--- ACTIVITY ---
Print exactly the lines of the listing below from the one containing "Geomagnetic activity forecast" through the final line, both included, and no pictures.

────

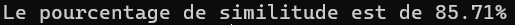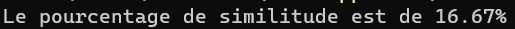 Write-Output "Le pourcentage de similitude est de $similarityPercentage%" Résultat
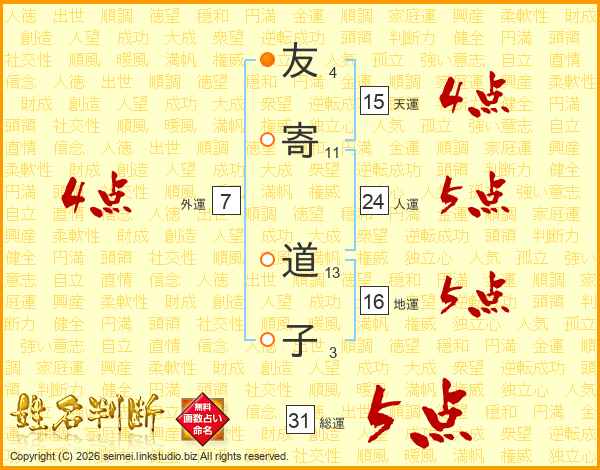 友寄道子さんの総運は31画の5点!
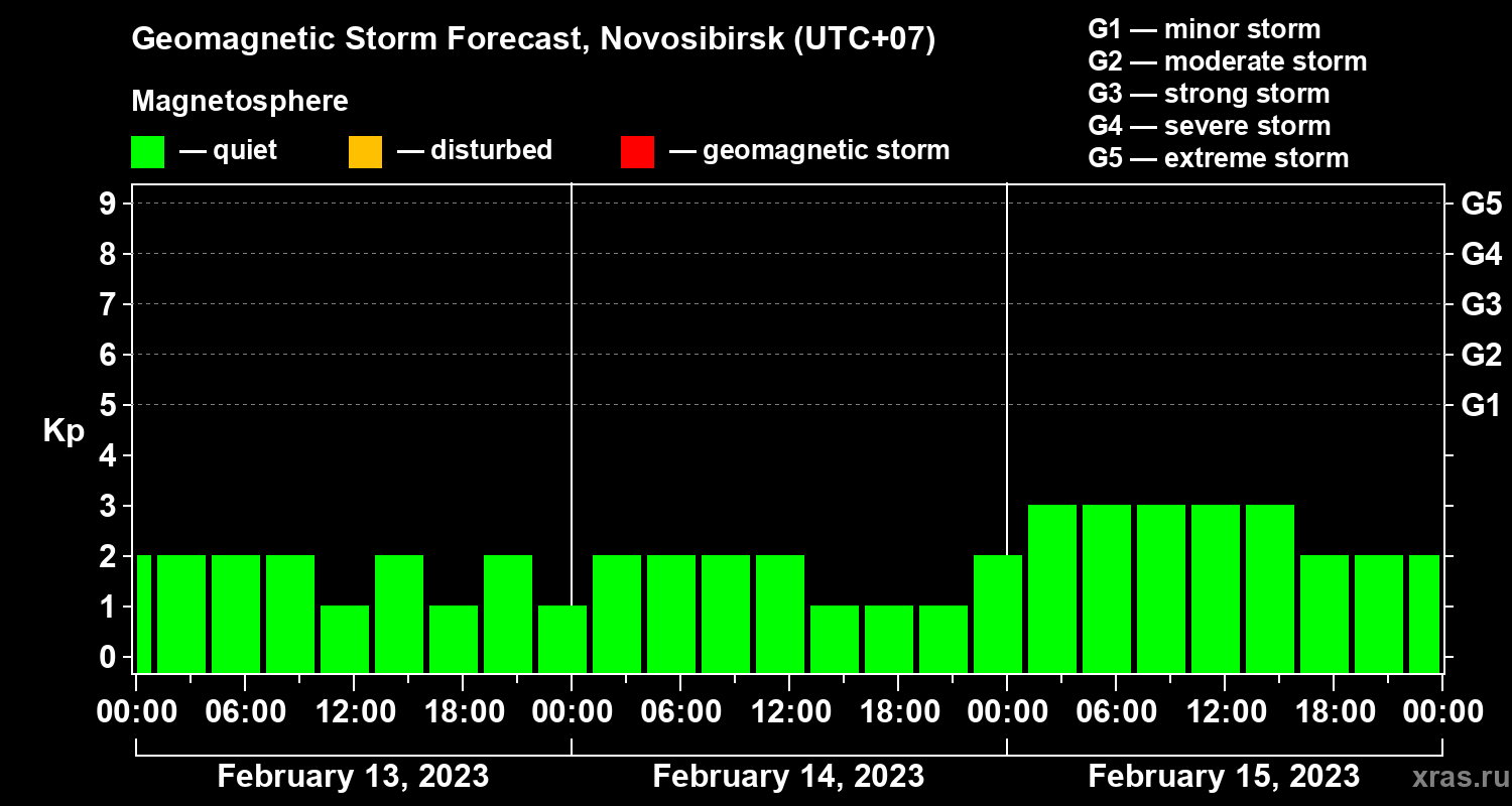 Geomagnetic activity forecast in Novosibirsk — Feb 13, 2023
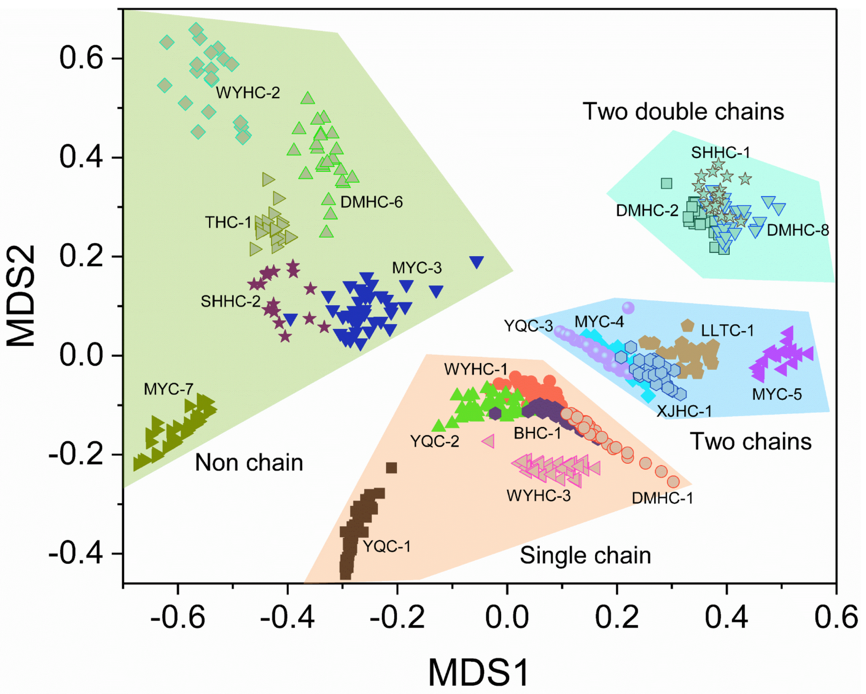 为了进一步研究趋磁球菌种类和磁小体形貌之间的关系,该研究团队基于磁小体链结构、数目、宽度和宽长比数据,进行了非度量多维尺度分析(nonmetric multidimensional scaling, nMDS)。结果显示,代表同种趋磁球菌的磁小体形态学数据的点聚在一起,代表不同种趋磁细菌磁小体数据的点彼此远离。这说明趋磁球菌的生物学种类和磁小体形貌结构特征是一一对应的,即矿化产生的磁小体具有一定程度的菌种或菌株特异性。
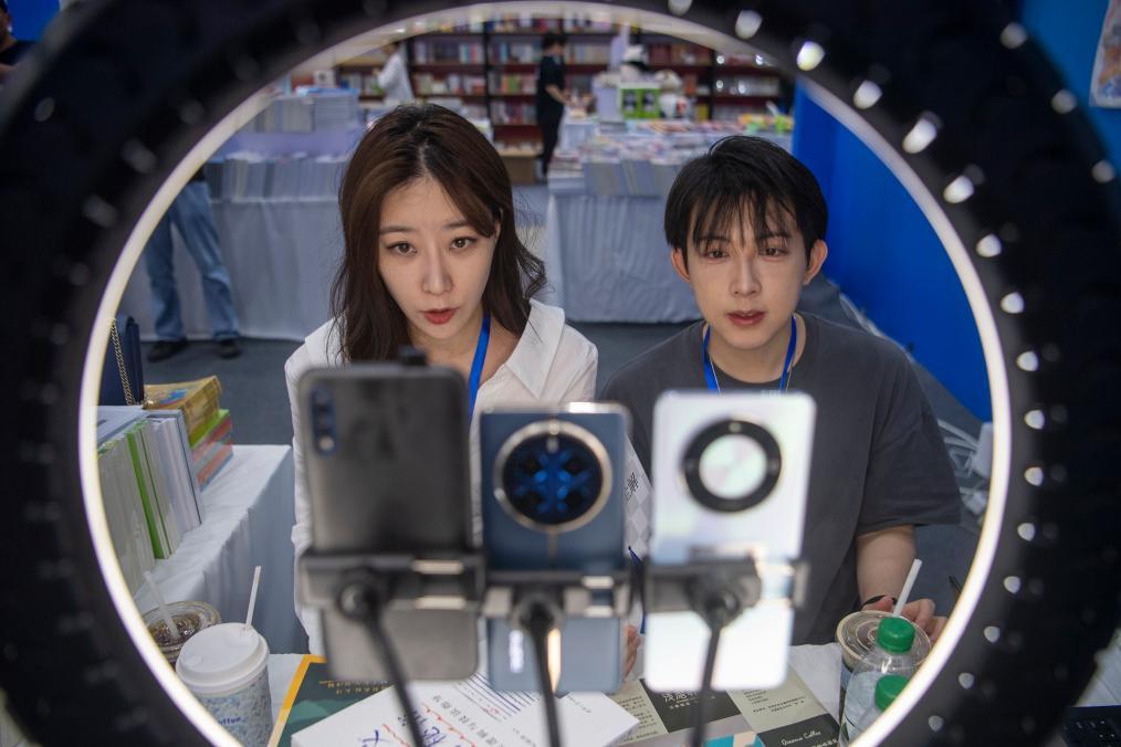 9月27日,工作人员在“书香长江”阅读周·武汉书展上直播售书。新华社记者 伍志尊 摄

────

--- FINAL ANSWER ---
 Geomagnetic activity forecast in Novosibirsk — Feb 13, 2023
 为了进一步研究趋磁球菌种类和磁小体形貌之间的关系,该研究团队基于磁小体链结构、数目、宽度和宽长比数据,进行了非度量多维尺度分析(nonmetric multidimensional scaling, nMDS)。结果显示,代表同种趋磁球菌的磁小体形态学数据的点聚在一起,代表不同种趋磁细菌磁小体数据的点彼此远离。这说明趋磁球菌的生物学种类和磁小体形貌结构特征是一一对应的,即矿化产生的磁小体具有一定程度的菌种或菌株特异性。
 9月27日,工作人员在“书香长江”阅读周·武汉书展上直播售书。新华社记者 伍志尊 摄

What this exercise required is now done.